Your goal
Reproduce without any pictures the lines from the one that contains "赛后马略卡球员在更衣室内激情庆祝,更衣室的桌子上摆满了美食。" through the end of the records, exactly as written.

Provided records
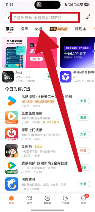 1、打开小米应用商店,在首页顶部的搜索栏中,输入想要下载的应用软件名称。
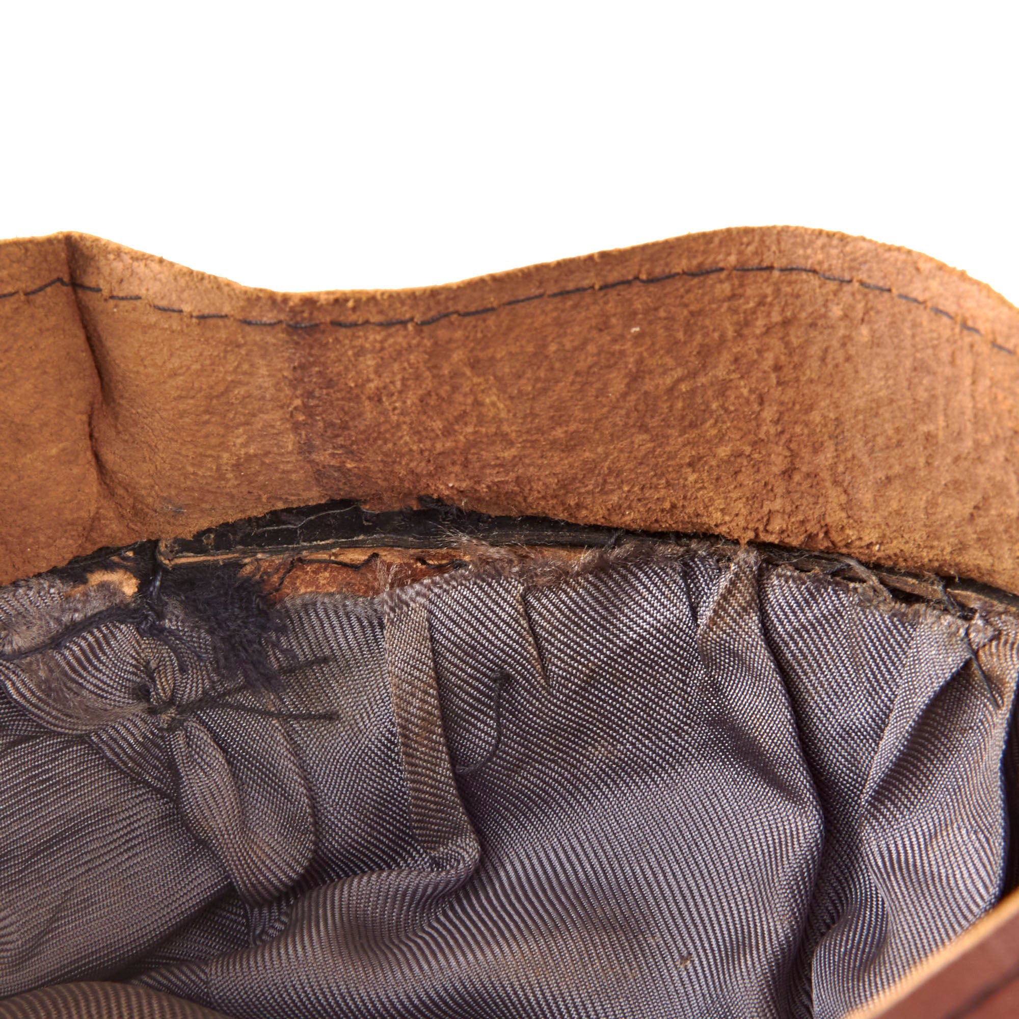 The interior is void of markings but the rayon lining is still soft and in good shape. There is some tearing in the sweatband but this is rather minor. The stitching looks to be original and is well-retained.
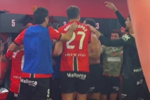 赛后马略卡球员在更衣室内激情庆祝,更衣室的桌子上摆满了美食。
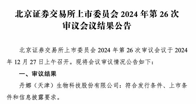 瑞财经 吴文婷 12 月 27 日本,据北交所,丹娜 ( 天津 ) 符合发行条件、上市条件和信息披露要求的生物科技有限公司(以下简称“丹娜生物”)。
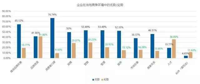 调查显示,企业的竞争优势绝大部分源自商场品牌形象和当地消费者口碑,而竞争劣势则更多源自人才短缺、品牌资源,此外,营销能力也是一大因素。

Expected output
 赛后马略卡球员在更衣室内激情庆祝,更衣室的桌子上摆满了美食。
 瑞财经 吴文婷 12 月 27 日本,据北交所,丹娜 ( 天津 ) 符合发行条件、上市条件和信息披露要求的生物科技有限公司(以下简称“丹娜生物”)。
 调查显示,企业的竞争优势绝大部分源自商场品牌形象和当地消费者口碑,而竞争劣势则更多源自人才短缺、品牌资源,此外,营销能力也是一大因素。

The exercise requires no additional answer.